Abstract

In a recent study, the initial rise of the mutual information between the firing rates of N neurons and a set of p discrete stimuli has been analytically evaluated, under the assumption that neurons fire independently of one another to each stimulus and that each conditional distribution of firing rates is Gaussian. Yet real stimuli or behavioral correlates are high dimensional, with both discrete and continuously varying features. Moreover, the Gaussian approximation implies negative firing rates, which is biologically implausible. Here, we generalize the analysis to the case where the stimulus or behavioral correlate has both a discrete and a continuous dimension, like orientation and shape could be in a visual stimulus, or type and direction in a motor action. The functional relationship between the firing patterns and the continuous correlate is expressed through the tuning curve of the neuron, using two different parameters to modulate its width and its flatness. In the case of large noise, we evaluate the mutual information up to the quadratic approximation as a function of population size.

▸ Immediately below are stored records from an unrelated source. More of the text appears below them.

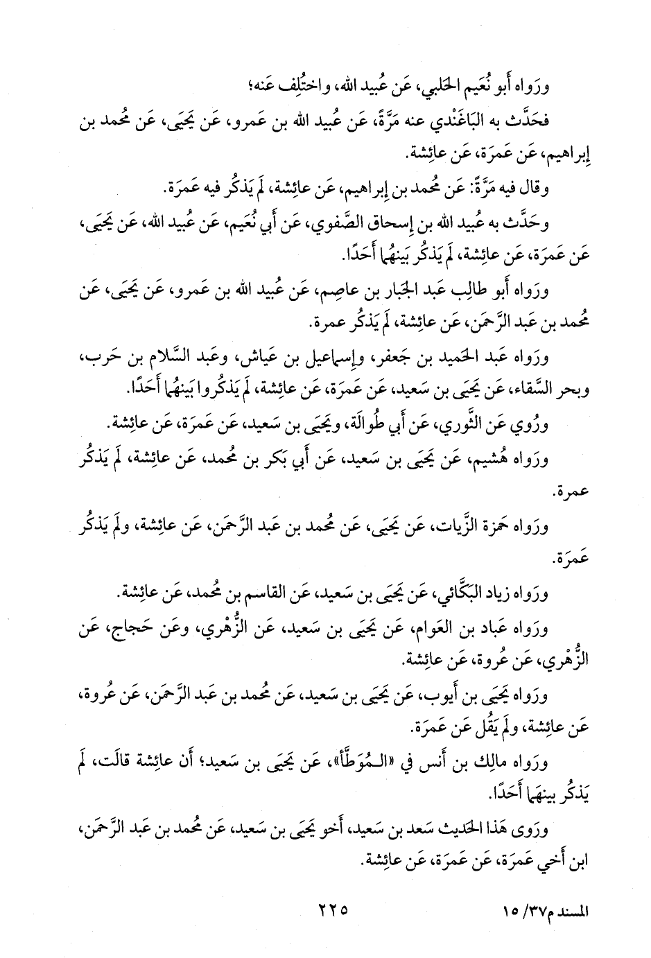 ورواه عبد الحميد بن جعفر، وإسماعيل بن عياش، وعبد السلام بن حرب، وبحر السقاء، عن يحيى بن سعيد، عن عَمرَة، عن عائشة، لم يذكروا بينهما أحدا.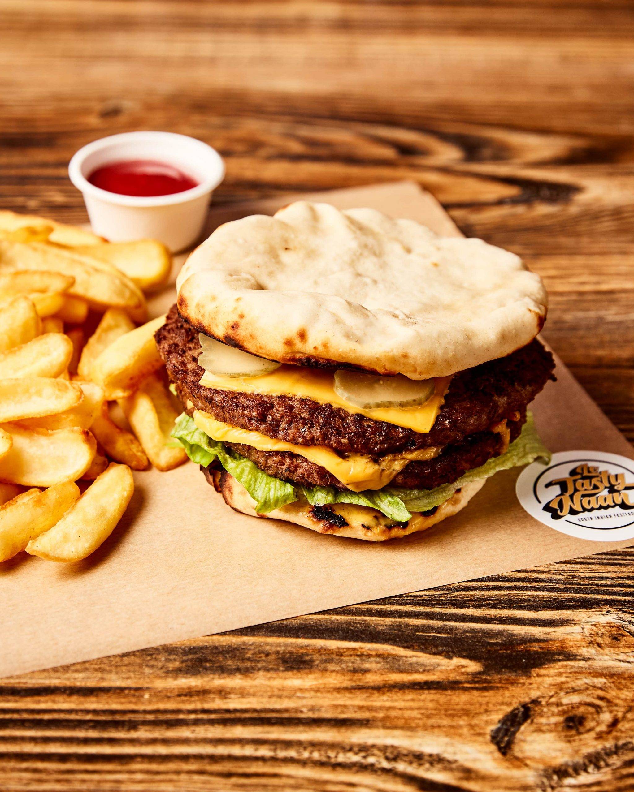 – Des NAAN’BURGERS et NAAN’DWICHS classiques et authentique, à base de naan au fromage fait MAISON.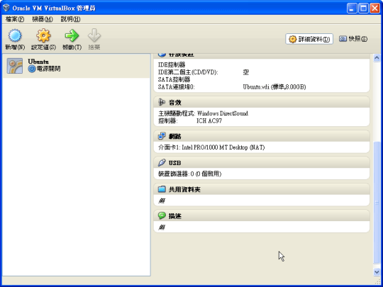 最近想要架設server,所以先來玩virtual machine。之前在Mac Book Pro上玩過VMWare,因為不熟悉iOS的操作介面,因而透過virtual machine來使用Windows XP,但這可不是我願意將就,於是在此我要安裝免費的Linux作業系統Ubuntu,以資訊賴以維生的我,飾必得要精通各式各樣的作業環境,其實是出自於我的好奇心與對資訊的渴望,所以既然有免費的虛擬電腦模擬軟體VirtualBox,那我就馬上下載來玩玩囉~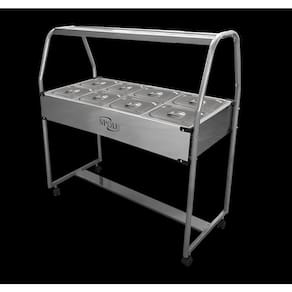 A função do Buffet térmico SPOLU é manter os alimentos servidos em suas cubas quentes enquanto em exposição. Possui cubas fabricadas em aço inox 201, tanque, tampas e moldura externa em aço inox 430 e estrutura de sustentação tubular. Sua resistência blindada é confeccionada em aço inox e controlada por um termostato com escala de 30ºC a 120ºC. Possui uma lâmpada piloto em seu painel indicando a função liga/desliga do termostato. Para facilitar a movimentação e o deslocamento a estrutura tubular é dotada de rodízios giratórios. Características Técnicas do Carrinho Buffet Térmico Self Service Inox 8 Cubas Quentes 6lts 220v Aço Inox Spolu: - Marca: SPOLU - Modelo: 8 CUBAS - Cubas fabricadas em aço inox 201, tanque, tampas e moldura externa em aço inox 430 e estrutura de sustentação tubular. - Resistência blindada confeccionada em aço inox e controlada por termostato com escala de 30ºC a 120ºC. - Possui uma lâmpada piloto em seu painel indicando a função liga/desliga do termostato. - Para facilitar a movimentação e o deslocamento a estrutura tubular é dotada de rodízios giratórios. - Capacidade da Cuba: 6 Litros - 1/2 - Potência: 2.650W - Frequência: 60 Hz Medidas e Consumo do Carrinho Buffet Térmico Self Service Inox 8 Cubas Quentes 6lts 220v Aço Inox Spolu: - Altura: 135cm - Altura até a mesa: 85cm - Peso: 22kg. - Consumo: 1,9 Kw/h

We also show that in the limit of large N and assuming that neurons can discriminate between continuous values with a resolution Delta(theta), the mutual information grows to infinity like ln(1/Delta(theta)) when Delta(theta) goes to zero. Then we consider a more realistic distribution of firing rates, truncated at zero, and we prove that the resulting correction, with respect to the Gaussian firing rates, can be expressed simply as a renormalization of the noise parameter. Finally, we demonstrate the effect of averaging the distribution across the discrete dimension, evaluating the mutual information only with respect to the continuously varying correlate.